* [Task requirements]
From the entries below, reproduce exactly the line containing "Mississippi for a", the line containing "White-shrouded body bags", and every line in between, with nothing added.

* [Data for the task]
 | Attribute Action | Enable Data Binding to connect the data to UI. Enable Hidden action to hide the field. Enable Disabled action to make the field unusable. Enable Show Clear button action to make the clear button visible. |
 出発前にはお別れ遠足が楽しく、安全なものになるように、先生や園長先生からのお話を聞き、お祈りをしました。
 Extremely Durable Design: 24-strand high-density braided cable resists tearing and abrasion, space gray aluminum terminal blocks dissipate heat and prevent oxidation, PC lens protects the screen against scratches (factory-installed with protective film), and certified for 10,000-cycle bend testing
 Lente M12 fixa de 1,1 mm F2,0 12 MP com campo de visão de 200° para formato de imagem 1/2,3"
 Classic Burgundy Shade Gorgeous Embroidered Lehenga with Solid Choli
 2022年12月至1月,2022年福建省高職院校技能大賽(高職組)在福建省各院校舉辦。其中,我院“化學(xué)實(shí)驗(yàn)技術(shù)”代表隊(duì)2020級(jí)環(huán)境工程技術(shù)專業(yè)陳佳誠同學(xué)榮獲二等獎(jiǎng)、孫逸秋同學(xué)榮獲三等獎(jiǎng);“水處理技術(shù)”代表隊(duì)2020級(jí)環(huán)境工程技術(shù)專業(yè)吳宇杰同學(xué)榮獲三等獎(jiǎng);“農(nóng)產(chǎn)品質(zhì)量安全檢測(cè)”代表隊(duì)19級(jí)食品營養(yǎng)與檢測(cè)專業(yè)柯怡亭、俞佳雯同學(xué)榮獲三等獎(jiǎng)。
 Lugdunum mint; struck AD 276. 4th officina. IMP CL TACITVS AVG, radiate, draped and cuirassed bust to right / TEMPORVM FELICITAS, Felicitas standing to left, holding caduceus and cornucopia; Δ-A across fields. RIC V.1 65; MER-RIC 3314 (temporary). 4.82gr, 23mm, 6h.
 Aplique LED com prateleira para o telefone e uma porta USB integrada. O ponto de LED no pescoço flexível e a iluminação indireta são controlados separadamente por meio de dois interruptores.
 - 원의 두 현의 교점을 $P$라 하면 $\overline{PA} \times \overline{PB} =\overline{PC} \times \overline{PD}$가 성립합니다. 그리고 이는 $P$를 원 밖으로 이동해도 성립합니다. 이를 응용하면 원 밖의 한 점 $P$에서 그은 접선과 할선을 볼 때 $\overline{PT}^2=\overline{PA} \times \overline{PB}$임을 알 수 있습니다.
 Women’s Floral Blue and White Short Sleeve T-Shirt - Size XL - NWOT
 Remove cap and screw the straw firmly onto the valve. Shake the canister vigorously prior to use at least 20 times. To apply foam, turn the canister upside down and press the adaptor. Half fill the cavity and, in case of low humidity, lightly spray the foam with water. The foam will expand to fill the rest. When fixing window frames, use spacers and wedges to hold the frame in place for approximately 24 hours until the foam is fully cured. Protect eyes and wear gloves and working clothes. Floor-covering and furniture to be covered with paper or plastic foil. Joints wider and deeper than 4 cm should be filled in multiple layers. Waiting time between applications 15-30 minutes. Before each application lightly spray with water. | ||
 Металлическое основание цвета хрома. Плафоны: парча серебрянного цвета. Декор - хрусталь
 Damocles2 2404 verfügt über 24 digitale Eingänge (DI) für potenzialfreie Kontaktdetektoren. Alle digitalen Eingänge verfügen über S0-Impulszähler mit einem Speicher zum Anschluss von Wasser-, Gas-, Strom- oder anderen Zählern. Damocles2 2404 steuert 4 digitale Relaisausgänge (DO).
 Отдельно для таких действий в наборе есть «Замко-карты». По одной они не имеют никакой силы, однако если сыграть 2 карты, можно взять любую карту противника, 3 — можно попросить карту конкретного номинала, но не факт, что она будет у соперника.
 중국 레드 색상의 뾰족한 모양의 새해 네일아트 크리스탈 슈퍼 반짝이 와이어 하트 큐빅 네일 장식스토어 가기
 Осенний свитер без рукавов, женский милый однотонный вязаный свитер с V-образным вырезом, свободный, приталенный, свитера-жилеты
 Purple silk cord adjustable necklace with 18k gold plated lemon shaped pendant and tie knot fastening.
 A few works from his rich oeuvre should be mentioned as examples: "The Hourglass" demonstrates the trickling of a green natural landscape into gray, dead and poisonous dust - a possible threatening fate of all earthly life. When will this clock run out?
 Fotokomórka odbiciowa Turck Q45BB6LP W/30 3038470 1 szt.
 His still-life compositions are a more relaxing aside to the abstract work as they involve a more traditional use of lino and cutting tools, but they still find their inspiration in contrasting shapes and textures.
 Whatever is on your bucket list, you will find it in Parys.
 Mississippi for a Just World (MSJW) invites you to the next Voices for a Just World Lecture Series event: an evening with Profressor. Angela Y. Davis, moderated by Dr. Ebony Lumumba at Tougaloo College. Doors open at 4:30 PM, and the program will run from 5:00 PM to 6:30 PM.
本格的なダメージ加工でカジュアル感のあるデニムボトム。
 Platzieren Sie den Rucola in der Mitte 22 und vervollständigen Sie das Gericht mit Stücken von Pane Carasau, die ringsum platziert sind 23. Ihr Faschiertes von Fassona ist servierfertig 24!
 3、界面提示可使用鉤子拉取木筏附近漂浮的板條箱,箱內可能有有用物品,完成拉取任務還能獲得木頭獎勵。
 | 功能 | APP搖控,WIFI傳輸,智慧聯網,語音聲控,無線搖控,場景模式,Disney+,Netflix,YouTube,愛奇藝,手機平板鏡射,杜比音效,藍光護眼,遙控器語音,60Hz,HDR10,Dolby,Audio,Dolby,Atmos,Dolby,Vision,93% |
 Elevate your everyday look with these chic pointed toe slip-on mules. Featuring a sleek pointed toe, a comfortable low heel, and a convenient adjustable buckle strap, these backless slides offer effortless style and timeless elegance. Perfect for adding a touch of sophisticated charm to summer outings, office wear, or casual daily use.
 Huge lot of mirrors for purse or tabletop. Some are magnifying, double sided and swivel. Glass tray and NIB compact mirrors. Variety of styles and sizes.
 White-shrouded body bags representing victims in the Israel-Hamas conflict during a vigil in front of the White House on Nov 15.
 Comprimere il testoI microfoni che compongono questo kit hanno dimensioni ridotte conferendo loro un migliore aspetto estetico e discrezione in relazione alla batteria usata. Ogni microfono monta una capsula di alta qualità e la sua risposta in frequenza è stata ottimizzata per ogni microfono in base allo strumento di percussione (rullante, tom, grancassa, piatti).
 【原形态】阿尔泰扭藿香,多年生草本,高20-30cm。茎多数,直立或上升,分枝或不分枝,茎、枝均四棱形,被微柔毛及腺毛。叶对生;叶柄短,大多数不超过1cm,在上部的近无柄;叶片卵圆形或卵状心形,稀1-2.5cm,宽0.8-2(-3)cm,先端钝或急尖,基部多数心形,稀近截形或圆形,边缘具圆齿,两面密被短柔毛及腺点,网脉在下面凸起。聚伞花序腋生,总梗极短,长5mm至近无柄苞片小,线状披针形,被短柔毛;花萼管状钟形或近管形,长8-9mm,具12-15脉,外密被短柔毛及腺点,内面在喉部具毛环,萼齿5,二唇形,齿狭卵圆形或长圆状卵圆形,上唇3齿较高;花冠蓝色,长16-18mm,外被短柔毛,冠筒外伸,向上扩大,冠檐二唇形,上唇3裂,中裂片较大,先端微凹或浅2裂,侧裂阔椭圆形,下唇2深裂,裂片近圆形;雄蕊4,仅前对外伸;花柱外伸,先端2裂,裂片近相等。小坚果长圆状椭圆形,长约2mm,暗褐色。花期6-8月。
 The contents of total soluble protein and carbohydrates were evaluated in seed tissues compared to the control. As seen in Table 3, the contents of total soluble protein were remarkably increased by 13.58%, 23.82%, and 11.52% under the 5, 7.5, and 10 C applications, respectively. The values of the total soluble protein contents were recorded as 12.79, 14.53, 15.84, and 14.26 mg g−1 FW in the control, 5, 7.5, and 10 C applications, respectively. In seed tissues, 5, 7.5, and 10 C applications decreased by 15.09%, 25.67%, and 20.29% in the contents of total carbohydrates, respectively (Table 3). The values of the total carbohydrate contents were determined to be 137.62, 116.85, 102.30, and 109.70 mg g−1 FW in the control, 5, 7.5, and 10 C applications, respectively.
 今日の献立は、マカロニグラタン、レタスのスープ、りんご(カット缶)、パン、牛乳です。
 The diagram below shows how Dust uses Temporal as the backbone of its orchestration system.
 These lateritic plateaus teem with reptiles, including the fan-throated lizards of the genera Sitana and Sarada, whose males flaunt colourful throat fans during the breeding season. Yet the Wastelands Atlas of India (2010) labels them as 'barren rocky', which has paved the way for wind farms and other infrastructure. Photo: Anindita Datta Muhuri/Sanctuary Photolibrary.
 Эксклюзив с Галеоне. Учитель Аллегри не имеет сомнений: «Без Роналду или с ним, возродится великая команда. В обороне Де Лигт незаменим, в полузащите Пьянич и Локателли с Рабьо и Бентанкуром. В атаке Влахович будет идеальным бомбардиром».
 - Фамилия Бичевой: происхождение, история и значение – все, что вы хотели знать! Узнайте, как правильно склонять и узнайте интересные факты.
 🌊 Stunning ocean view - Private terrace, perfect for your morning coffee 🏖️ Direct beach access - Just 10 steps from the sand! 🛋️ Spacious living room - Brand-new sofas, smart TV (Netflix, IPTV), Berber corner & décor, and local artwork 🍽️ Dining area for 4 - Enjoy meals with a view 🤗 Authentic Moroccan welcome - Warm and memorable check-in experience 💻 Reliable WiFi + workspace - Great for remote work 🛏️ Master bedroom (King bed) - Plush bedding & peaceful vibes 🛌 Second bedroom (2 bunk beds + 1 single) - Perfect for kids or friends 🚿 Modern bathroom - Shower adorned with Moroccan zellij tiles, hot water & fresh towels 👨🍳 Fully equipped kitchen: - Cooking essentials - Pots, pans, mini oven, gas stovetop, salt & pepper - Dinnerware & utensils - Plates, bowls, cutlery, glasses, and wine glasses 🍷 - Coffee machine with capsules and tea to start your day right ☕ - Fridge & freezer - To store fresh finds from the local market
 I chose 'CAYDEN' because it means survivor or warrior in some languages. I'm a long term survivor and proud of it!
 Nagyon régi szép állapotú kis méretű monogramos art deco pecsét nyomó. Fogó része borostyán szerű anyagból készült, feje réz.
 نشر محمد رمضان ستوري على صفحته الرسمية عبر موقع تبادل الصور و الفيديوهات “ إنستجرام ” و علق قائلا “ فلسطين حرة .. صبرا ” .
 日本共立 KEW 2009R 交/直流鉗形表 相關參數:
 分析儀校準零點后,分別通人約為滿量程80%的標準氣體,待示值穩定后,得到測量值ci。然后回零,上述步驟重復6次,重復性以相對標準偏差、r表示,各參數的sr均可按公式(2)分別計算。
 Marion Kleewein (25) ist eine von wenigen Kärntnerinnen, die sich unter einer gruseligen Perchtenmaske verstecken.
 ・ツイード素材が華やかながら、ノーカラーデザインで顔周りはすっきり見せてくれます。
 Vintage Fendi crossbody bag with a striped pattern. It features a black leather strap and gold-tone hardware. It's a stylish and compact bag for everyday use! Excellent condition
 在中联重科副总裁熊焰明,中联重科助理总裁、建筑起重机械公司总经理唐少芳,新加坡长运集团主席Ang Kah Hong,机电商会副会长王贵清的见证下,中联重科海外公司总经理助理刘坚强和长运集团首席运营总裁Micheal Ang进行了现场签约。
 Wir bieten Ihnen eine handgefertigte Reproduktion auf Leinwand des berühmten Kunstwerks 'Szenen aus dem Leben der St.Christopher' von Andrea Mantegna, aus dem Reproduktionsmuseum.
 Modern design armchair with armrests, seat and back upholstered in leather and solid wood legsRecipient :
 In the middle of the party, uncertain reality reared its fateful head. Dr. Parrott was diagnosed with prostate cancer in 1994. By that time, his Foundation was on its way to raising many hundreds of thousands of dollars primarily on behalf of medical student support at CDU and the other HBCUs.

* [Response below]
 Mississippi for a Just World (MSJW) invites you to the next Voices for a Just World Lecture Series event: an evening with Profressor. Angela Y. Davis, moderated by Dr. Ebony Lumumba at Tougaloo College. Doors open at 4:30 PM, and the program will run from 5:00 PM to 6:30 PM.
本格的なダメージ加工でカジュアル感のあるデニムボトム。
 Platzieren Sie den Rucola in der Mitte 22 und vervollständigen Sie das Gericht mit Stücken von Pane Carasau, die ringsum platziert sind 23. Ihr Faschiertes von Fassona ist servierfertig 24!
 3、界面提示可使用鉤子拉取木筏附近漂浮的板條箱,箱內可能有有用物品,完成拉取任務還能獲得木頭獎勵。
 | 功能 | APP搖控,WIFI傳輸,智慧聯網,語音聲控,無線搖控,場景模式,Disney+,Netflix,YouTube,愛奇藝,手機平板鏡射,杜比音效,藍光護眼,遙控器語音,60Hz,HDR10,Dolby,Audio,Dolby,Atmos,Dolby,Vision,93% |
 Elevate your everyday look with these chic pointed toe slip-on mules. Featuring a sleek pointed toe, a comfortable low heel, and a convenient adjustable buckle strap, these backless slides offer effortless style and timeless elegance. Perfect for adding a touch of sophisticated charm to summer outings, office wear, or casual daily use.
 Huge lot of mirrors for purse or tabletop. Some are magnifying, double sided and swivel. Glass tray and NIB compact mirrors. Variety of styles and sizes.
 White-shrouded body bags representing victims in the Israel-Hamas conflict during a vigil in front of the White House on Nov 15.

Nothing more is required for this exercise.